According to National Security Adviser Jake Sullivan, Russian officials visited Iran twice in the past month to view Iranian unmanned aerial vehicles, including the Shahed-191 and Shahed-129, both weapons-capable drones somewhat similar in design to American Predator drones. Iran has previously provided drones to allied militias in Lebanon, Yemen, Gaza and Iraq as well as to foreign governments, including Venezuela and Ethiopia. Russia would be the most high-profile recipient yet.

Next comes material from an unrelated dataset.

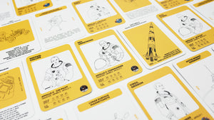 Incluye 70 cartas cuidadosamente diseñadas, que representan tres categorías diferentes: 32 astronautas de todas las misiones Apolo, 18 de los experimentos científicos llevados a cabo por los astronautas y 20 que muestran los vehículos y el hardware que los llevaron hasta allí... y de vuelta a la Tierra.
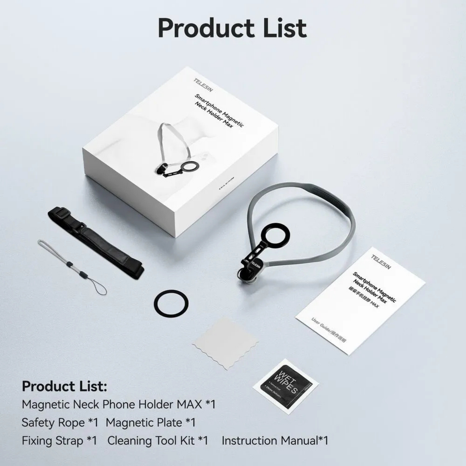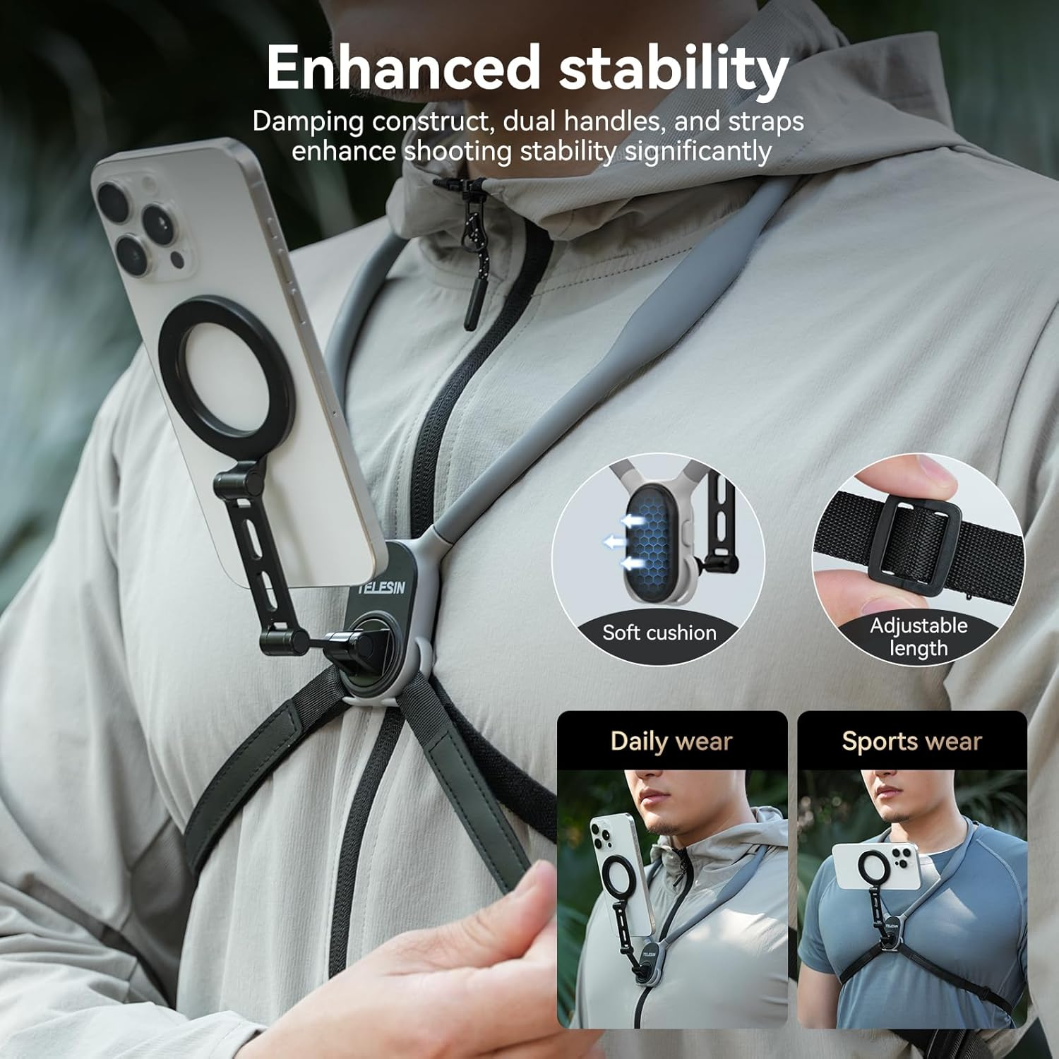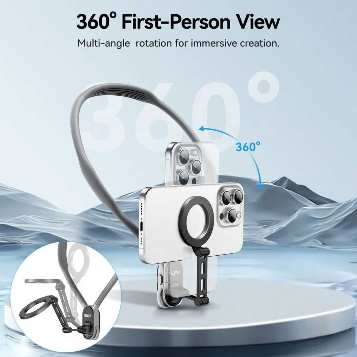هو حامل يُلبس حول الرقبة لتصوير الفيديو بأسلوب POV (منظور الشخص الأول) بدون استخدام اليدين. يعتمد على تثبيت مغناطيسي قوي مع ذراع مرن (Gooseneck) يتيح لك توجيه الهاتف بسهولة والتصوير بزوايا مختلفة أثناء الحركة. المميزات الرئيسية 🎥 تصوير POV احترافي: مثالي للفلوغ، الطبخ، السفر، والمشي. 🧲 تثبيت مغناطيسي سريع (MagSafe): تركيب وفك الهاتف بثواني. 🔄 يدعم التصوير أفقي وعمودي: مناسب TikTok وYouTube. 🦾 ذراع مرن قابل للتشكيل: تضبطه حسب الزاوية اللي تريدها. 🧵 حزام أمان (Safety Strap): حماية إضافية للهاتف. 🧩 متوافق مع كل الأجهزة: iPhone (MagSafe) Android (مع قطعة مغناطيس مرفقة) 🏃♂️ نسخة Max: تجي ويا حزام صدر إضافي لثبات أفضل بالحركة. المواصفات الموديل: MNM-002 / TE-HNB-002 الأبعاد: حوالي 280 × 200 × 170 مم الوزن: حوالي 180 – 220 غرام المواد: سيليكون ستانلس ستيل سبائك معدنية نوع التثبيت: مغناطيسي التوافق: هواتف

Traditionally, Iran is thought of as a customer for Russian weapons, rather than the other way around, Nicole Grajewski, a research fellow at Harvard University’s Belfer Center, noted to Grid. Over the years, Iran has purchased a number of big-ticket Russian systems including S-300 air defenses and Kilo-class submarines as well as tanks, helicopters and armored vehicles. Now, it seems, Russia is the one in need. “If these reports are true, that’s an indication that this relationship has changed in a really broad way,” Grajewski said.

Heavily employed by both sides, drones have perhaps played a greater role in the Ukraine War than in any conventional war to date. Though neither side has an overwhelming advantage when it comes to drones, Ukraine has been receiving a significant number of them from its Western backers. Meanwhile, outside of Belarus, few countries are providing military aid of any sort to Russia. Turning to Iran would be a sign that Russia is struggling to keep up with the never-ending flow of heavy weapons into Ukraine.

A complicated friendship — and the Syria factor

“What’s interesting is that Putin is courting Iran so much,” said Katz, noting that the Russian president hosted Iranian President Ebrahim Raisi for talks in Moscow in January, shortly before the war began, and that the two met on the sidelines of a Caspian Sea summit in Turkmenistan in June, Putin’s last foreign trip. “The Russians know that the Iranians have the capacity to make things easier or tougher for them everywhere.”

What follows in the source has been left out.